» **ACTION ITEM**:
In the entries that follow, find the line containing "오브젝트의 기본 속성" and the line containing "ミシンを使ってランチョンマットを作ります。今日はアイロンで折り目をつけました。", then copy exactly everything from the first through the second except the pictures.

» **DATA TO PROCESS**:
Segment Open

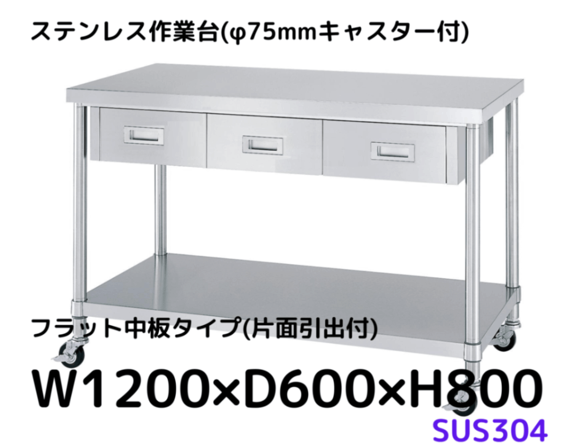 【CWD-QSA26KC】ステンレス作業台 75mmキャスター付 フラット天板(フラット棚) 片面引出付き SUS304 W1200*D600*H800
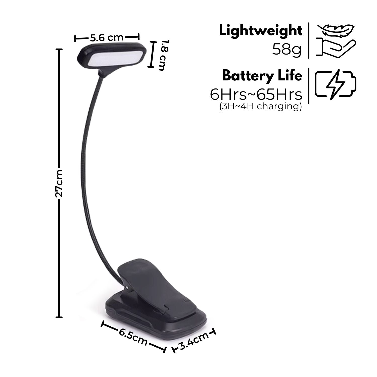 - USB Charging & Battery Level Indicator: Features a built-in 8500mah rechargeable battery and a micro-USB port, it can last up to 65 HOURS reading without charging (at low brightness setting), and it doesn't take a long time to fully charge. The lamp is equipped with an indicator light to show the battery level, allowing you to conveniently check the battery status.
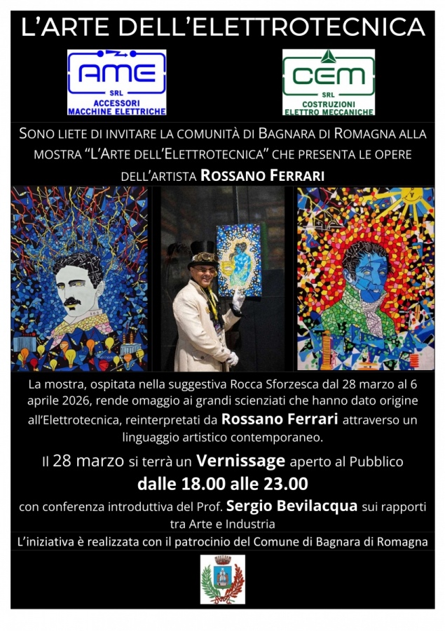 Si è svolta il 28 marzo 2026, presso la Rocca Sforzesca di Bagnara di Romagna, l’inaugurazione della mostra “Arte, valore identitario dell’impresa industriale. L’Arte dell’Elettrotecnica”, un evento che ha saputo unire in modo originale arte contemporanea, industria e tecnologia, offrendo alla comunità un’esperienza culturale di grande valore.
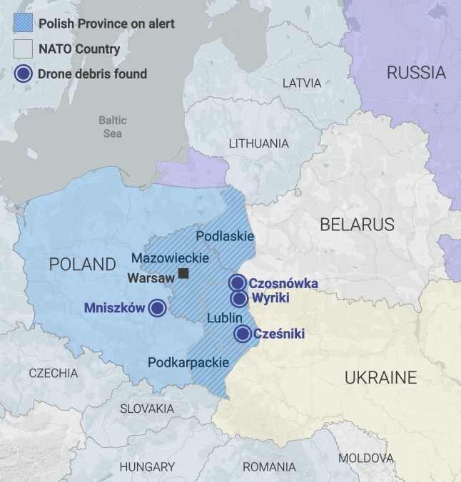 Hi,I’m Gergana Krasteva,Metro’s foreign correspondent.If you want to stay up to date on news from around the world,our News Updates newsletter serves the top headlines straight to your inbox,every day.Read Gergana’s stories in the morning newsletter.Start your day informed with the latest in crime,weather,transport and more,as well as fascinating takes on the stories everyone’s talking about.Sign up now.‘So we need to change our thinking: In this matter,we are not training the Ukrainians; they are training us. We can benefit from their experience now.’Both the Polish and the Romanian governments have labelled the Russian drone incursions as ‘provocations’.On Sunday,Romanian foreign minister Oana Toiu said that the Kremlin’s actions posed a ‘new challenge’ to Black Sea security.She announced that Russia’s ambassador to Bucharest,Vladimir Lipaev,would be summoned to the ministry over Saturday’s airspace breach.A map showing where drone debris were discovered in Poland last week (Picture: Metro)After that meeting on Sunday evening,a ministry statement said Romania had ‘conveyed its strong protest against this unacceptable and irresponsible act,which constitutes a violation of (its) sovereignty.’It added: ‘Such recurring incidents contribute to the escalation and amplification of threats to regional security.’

Segment Closed
Segment Open

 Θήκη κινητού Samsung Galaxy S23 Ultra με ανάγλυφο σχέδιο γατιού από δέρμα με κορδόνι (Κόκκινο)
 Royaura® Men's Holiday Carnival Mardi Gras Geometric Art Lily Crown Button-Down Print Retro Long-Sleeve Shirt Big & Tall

Segment Closed
Segment Open

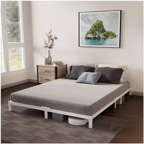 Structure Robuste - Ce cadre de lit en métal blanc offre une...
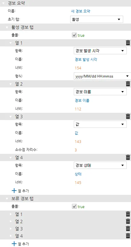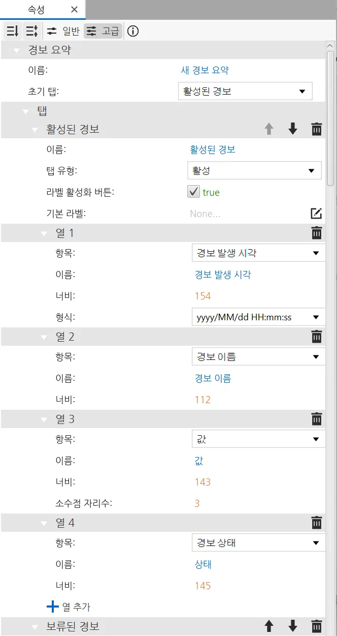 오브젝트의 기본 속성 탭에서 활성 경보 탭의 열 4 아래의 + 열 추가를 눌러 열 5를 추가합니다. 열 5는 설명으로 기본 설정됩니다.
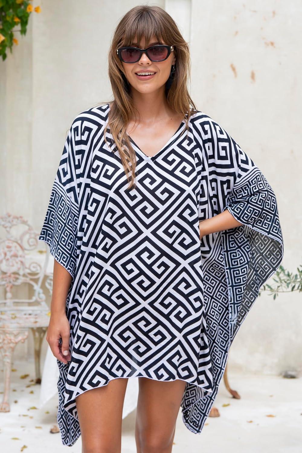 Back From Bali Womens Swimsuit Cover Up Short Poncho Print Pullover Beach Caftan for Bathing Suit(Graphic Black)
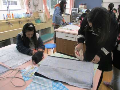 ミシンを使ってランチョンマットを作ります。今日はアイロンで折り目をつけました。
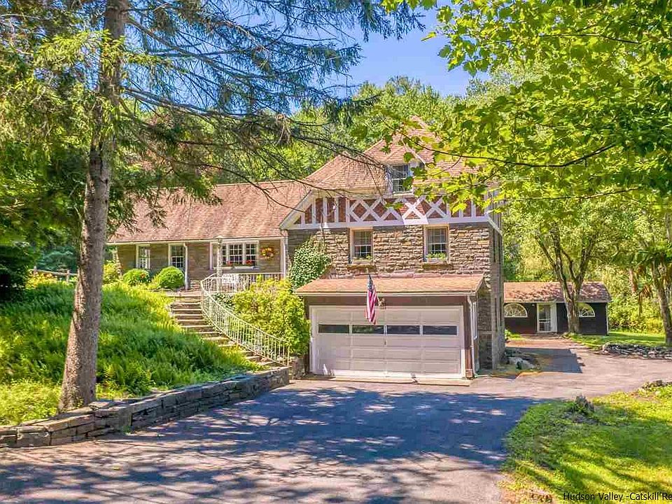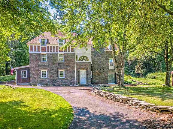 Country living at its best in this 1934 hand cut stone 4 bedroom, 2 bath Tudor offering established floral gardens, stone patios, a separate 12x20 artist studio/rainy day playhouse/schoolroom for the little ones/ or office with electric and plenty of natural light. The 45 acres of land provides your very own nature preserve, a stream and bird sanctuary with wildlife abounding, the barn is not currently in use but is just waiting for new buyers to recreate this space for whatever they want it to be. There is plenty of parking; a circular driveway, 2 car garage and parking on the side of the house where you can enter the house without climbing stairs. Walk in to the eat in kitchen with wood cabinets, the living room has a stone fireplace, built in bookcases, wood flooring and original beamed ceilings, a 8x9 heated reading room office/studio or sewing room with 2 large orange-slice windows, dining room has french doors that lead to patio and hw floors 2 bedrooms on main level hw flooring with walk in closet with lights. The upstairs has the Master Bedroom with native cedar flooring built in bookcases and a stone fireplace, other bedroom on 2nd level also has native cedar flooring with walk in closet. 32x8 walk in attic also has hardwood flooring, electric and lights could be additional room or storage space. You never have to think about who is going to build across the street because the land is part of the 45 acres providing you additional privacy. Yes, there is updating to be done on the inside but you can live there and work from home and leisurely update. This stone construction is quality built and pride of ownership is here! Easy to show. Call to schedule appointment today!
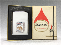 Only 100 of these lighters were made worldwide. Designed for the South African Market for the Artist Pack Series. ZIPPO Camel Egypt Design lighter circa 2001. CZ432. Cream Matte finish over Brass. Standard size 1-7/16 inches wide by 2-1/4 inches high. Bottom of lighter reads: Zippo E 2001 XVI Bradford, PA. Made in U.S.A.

Segment Closed

» **SOLUTION TO THIS PROBLEM**:
 오브젝트의 기본 속성 탭에서 활성 경보 탭의 열 4 아래의 + 열 추가를 눌러 열 5를 추가합니다. 열 5는 설명으로 기본 설정됩니다.
 Back From Bali Womens Swimsuit Cover Up Short Poncho Print Pullover Beach Caftan for Bathing Suit(Graphic Black)
 ミシンを使ってランチョンマットを作ります。今日はアイロンで折り目をつけました。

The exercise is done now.